I. Introduction
Given that obesity is not only a major healthcare issue, but also a risk factor for many chronic illnesses, it is important to manage this condition for disease prevention and health promotion. A proper diet and regular exercise, which play an important role in obesity management, need to be managed continuously. Thus, Web-based nursing interventions with less time and fewer location restrictions have proved to be highly effective for obesity management [
1].
The increasing popularity and availability of small wireless devices, such as notebooks, PDAs, and smartphones, have led to their introduction in the field of healthcare [
2]. According to a review by Mosa et al. [
3], many smartphone applications for healthcare professionals, medical or nursing students, and patients have been developed and evaluated. They concluded that the smartphone can play a very important role in disease self-management as well as the education and remote monitoring of patients.

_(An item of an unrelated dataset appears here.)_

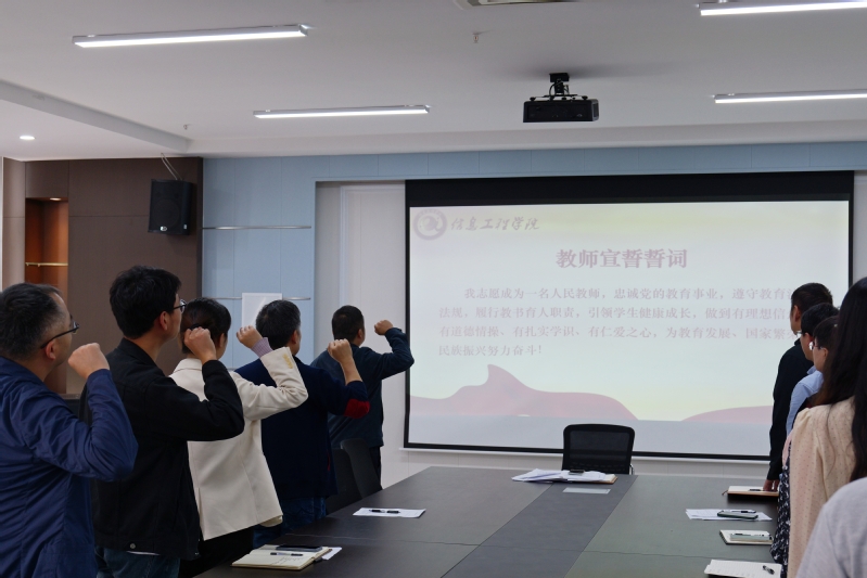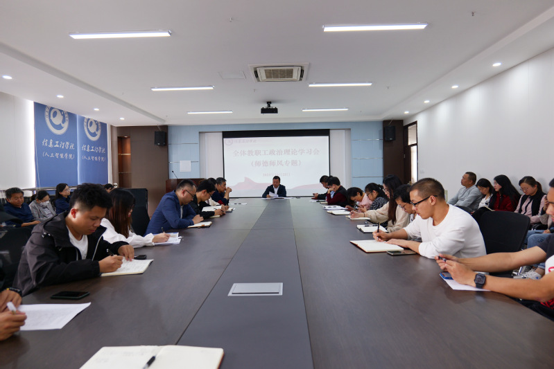 为深刻领会习近平总书记关于教育的重要论述,增强教育事业的政治自觉、思想自觉和行动自觉,提升教师师德修养,严明作风纪律建设,铸造具备高尚师德师风的教师队伍,10月25日,信息工程学院开展“学思想·扬师德·铸师魂”师德师风教育系列活动,本次活动由信息工程学院党总支副书记、副院长袁凯烽主持,全体教职工参加活动。

According to a survey carried out by the mobile market research firm Research2guidance, approximately 17,000 mobile healthcare applications were registered over 2 years preceding 2010 [
4]. Liu et al. [
5] conducted an analysis of iOS-based mobile healthcare applications, and found that 1,056 applications had been registered in the medical category by January 2011, with 1,004 in the healthcare and fitness category.
The smartphone can be used as a handheld computer to provide information, just like the Internet. As with Web-based healthcare information, the most important issue related to smartphone healthcare-management applications is the provision of accurate, valid, reliable, and complete information [
6]. According to Gan and Allman-Farinelli [
7], only 8 out of 92 obesity-management applications provided quality health information, suggesting that an evaluation of the quality of information provided by smartphone healthcare applications is urgently required.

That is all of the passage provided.